Вот уже больше четверти века ношу я в себе неизбывный грех, на первый взгляд эфемерный, яйца выеденного не стоящий. И вспоминаю о той давней истории едва ли не чаще, чем о многом другом, куда существенней. И казню себя не меньше.
Того солдата и солдатом-то назвать было трудно. Разве что принимая во внимание, что военная форма на нём, сапоги, погоны. Но всё это больше походило на пародию или, не исключено, на провокацию. Будто намеренно злопыхатель или недоумок какой-то вздумал поиздеваться над «нашим доблестным защитником Родины», выставил его на обозрение в таком скоморошном виде.
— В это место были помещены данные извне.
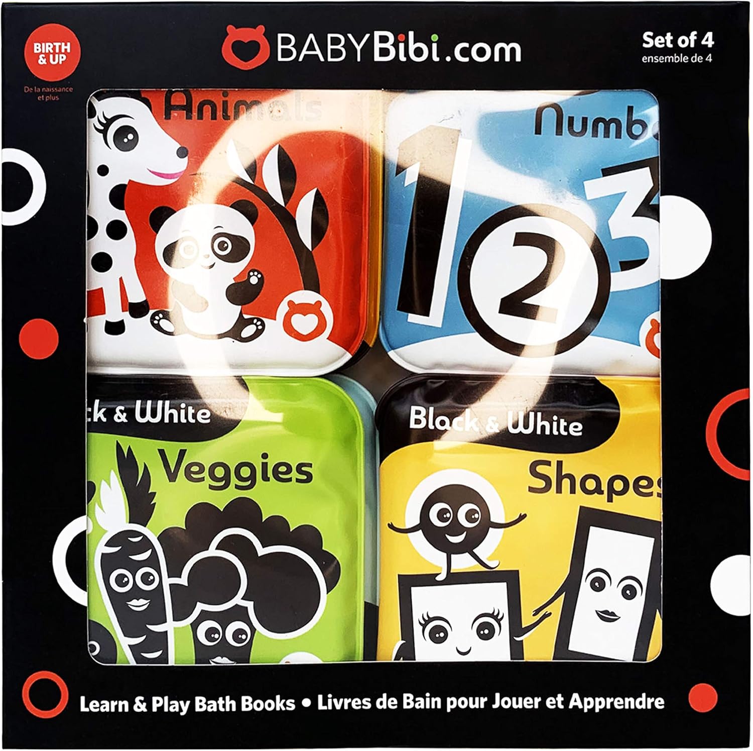 - Set Of 4 Baby Books – Each package contains 4 different bath books. The books in this package are designed to transition from baby through toddlerhood. Babies will love studying the pictures while toddlers will learn as they explore. The four themes in this package are: veggies, numbers, shapes and animals.

Низкорослый, щуплый юнец в донельзя заношенной, измятой, точно на помойке найденной гимнастерке, мешком висевшей на нём, в таких же замызганных обвисших штанах и пыльных, разваливавшихся сапогах. В довершение ко всему на его маленьком бледном лице красовался синяк под глазом. Увидев его, подивился я больше не тому, что не постыдился он появиться таким в городе, а что вообще выпустили его из части и не расправился с ним первый же встретившийся офицер или патруль. Знал я, конечно, что не лучшие времена переживает сейчас армия, но в любом случае можно было привести себя в более или менее пристойный вид – форму выстирать, погладить, сапоги почистить. Ещё и этот фонарь под глазом. Может, напился он или дряни какой-нибудь накурился? Поравнявшись со мной, он остановился и тихо, запинаясь, попросил у меня сигарету. Я хмуро буркнул, что не курю, и прошёл мимо…
Были это первые перестроечные годы, судорожные и безбашенные. Да, живя в это свихнутое время, сам наглотался под завязку, но и представления не имел об ужасах, творившихся в войсках, об издевательствах «дедов» над новобранцами – «духами», так они, кажется, называются, о жестоких побоях, изнасилованиях, об изуверской травле, доводивших ребят до самоубийства. Что отбирают у них деньги, еду, вещи, вынуждая ходить в обносках, превращают их в бесправных и безответных рабов. Не знал я, что вершится этот кошмар при полном безразличии, если даже не попустительстве офицеров, таких же униженных, опустившихся, спивавшихся, махнувших рукой на себя, на службу свою, на возможность что-либо изменить, а зачастую и побаивавшихся тех же «дедов». Привычно молчали об этом советские газеты, телевидение, не было ещё Интернета, а я к тому же далёк был от армейских дел, близко сталкиваться не доводилось. Как и не мог я знать, что этих загнанных, бесправных пацанов «деды» выгоняют в город за сигаретами, и если не принесут те требуемого количества, избивают. А я не дал сигареты, хотя почти полная пачка в кармане лежала, этому несчастному мальчику, солдатику. Да ещё такому маленькому, слабосильному. Подлость такую совершил…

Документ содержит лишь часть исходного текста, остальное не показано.